• [Work instructions]: Given the records underneath, please repeat exactly the lines from the line with "5年生が長縄跳びに挑戦中。" through the line with "Supporters following the", passing over any picture.

• [Data extracts]:
= Beginning of Section =
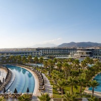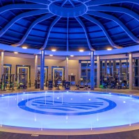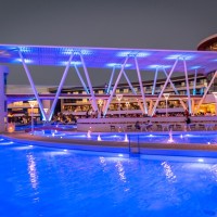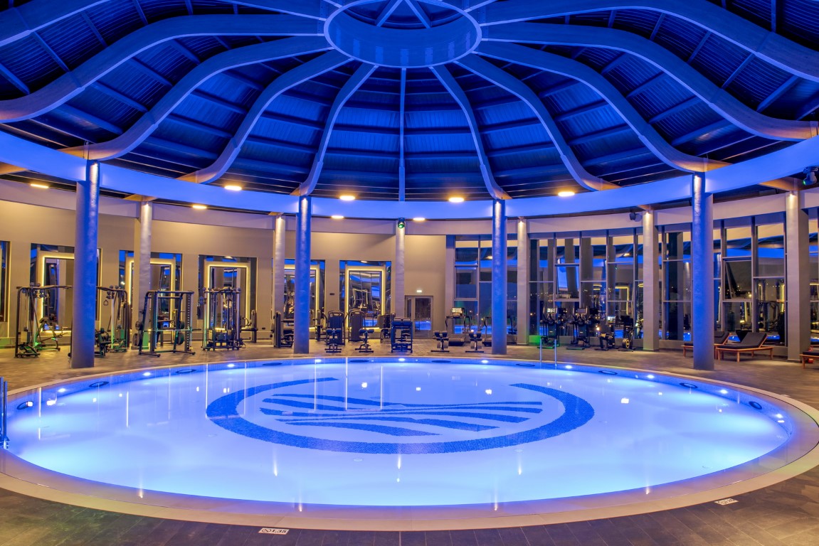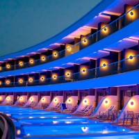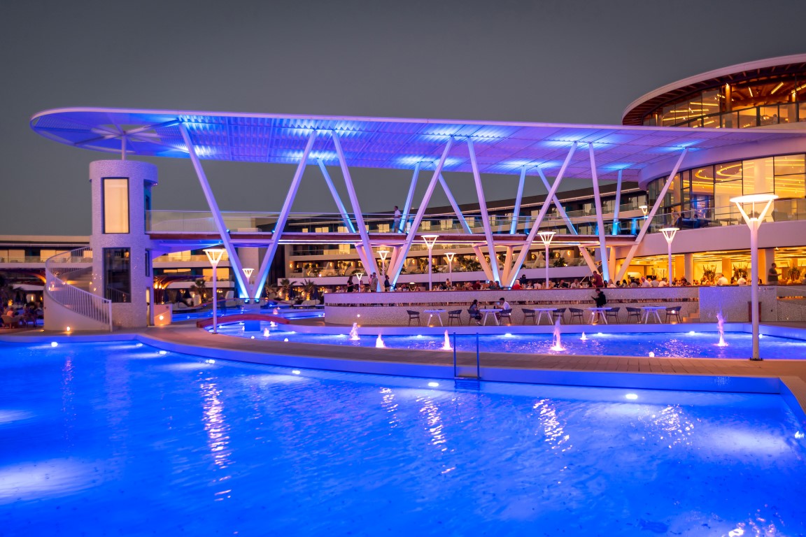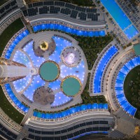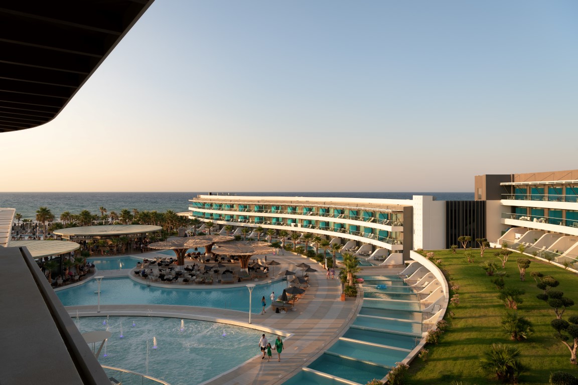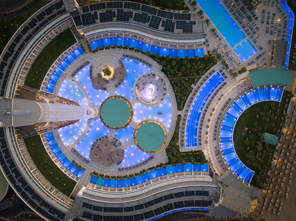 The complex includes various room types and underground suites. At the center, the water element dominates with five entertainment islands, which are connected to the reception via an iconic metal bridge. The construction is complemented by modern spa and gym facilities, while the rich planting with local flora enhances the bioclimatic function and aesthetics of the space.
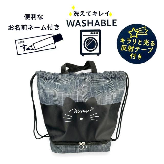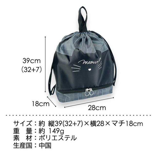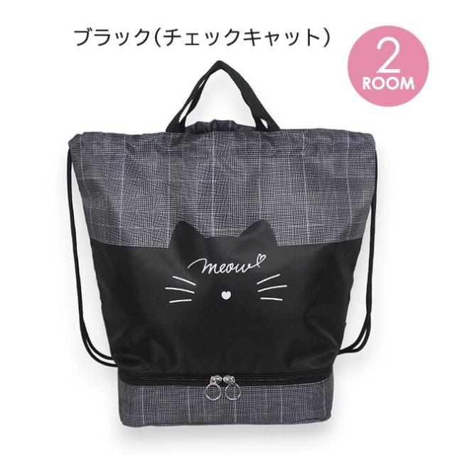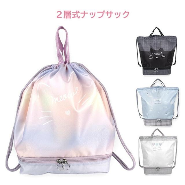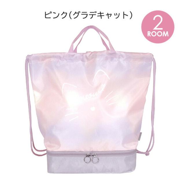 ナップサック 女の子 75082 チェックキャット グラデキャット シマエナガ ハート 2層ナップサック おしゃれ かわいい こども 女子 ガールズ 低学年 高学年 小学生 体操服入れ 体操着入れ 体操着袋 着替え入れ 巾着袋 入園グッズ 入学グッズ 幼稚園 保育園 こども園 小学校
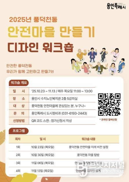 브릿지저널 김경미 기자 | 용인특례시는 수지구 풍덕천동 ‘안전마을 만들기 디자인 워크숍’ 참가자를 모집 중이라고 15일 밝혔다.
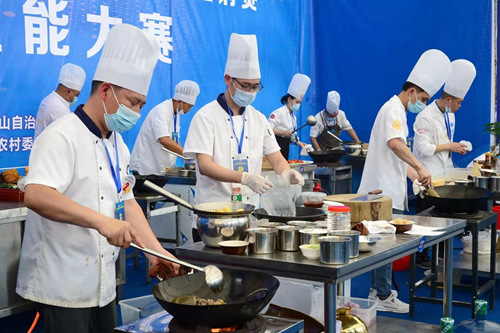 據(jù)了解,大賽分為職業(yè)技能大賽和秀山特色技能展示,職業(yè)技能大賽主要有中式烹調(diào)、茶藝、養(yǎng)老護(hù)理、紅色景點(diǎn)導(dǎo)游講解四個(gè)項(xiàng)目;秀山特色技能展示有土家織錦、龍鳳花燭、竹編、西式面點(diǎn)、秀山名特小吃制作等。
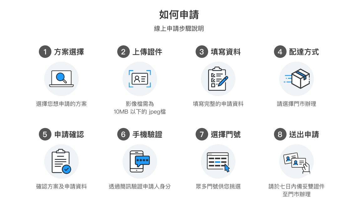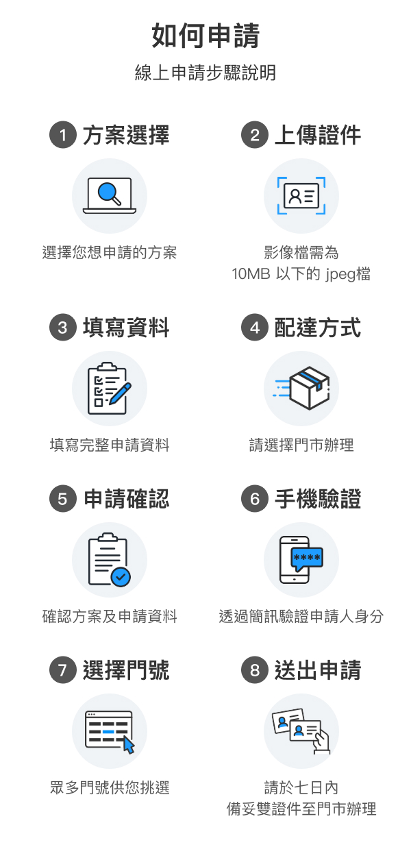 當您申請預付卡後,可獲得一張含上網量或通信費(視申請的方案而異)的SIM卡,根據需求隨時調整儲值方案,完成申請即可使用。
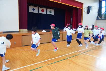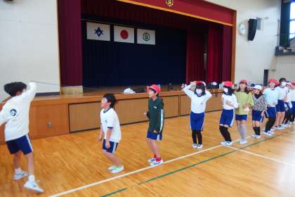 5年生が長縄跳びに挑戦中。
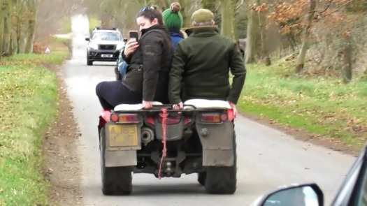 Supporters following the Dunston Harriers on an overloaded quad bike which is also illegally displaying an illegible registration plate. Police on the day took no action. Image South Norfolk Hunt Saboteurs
= End of Section =
= Beginning of Section =
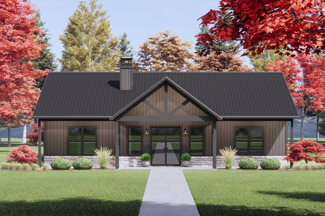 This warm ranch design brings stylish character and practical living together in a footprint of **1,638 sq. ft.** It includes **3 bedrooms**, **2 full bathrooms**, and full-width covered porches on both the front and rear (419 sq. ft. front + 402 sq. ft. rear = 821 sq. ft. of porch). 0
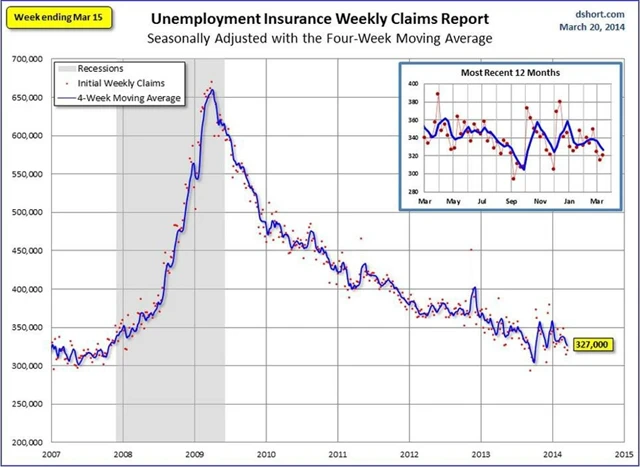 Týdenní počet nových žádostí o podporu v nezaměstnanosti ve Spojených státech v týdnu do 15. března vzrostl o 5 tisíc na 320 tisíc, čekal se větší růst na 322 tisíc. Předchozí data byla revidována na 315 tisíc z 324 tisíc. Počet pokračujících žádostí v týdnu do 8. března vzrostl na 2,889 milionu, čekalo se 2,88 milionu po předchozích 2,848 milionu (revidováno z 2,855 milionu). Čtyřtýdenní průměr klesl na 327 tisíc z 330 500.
= End of Section =
= Beginning of Section =
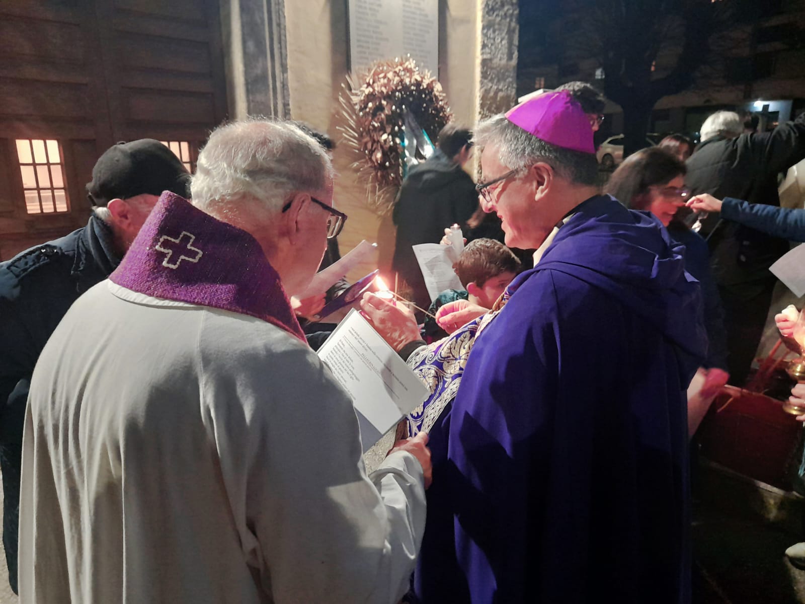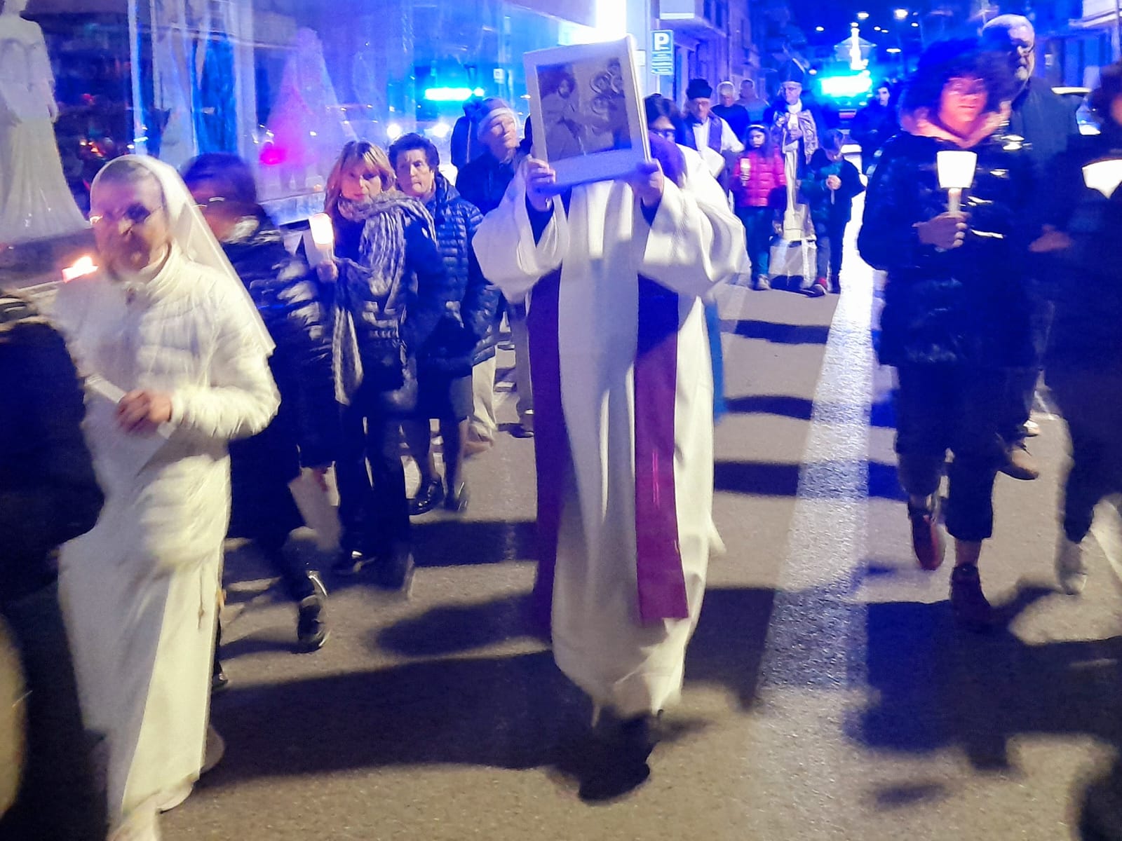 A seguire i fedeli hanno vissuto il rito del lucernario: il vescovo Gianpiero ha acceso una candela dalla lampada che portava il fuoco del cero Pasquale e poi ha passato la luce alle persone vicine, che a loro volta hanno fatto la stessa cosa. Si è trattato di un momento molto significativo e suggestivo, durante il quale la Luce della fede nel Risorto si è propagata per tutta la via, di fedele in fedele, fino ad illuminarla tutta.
= End of Section =
• [The completed task]:
 5年生が長縄跳びに挑戦中。
 Supporters following the Dunston Harriers on an overloaded quad bike which is also illegally displaying an illegible registration plate. Police on the day took no action. Image South Norfolk Hunt Saboteurs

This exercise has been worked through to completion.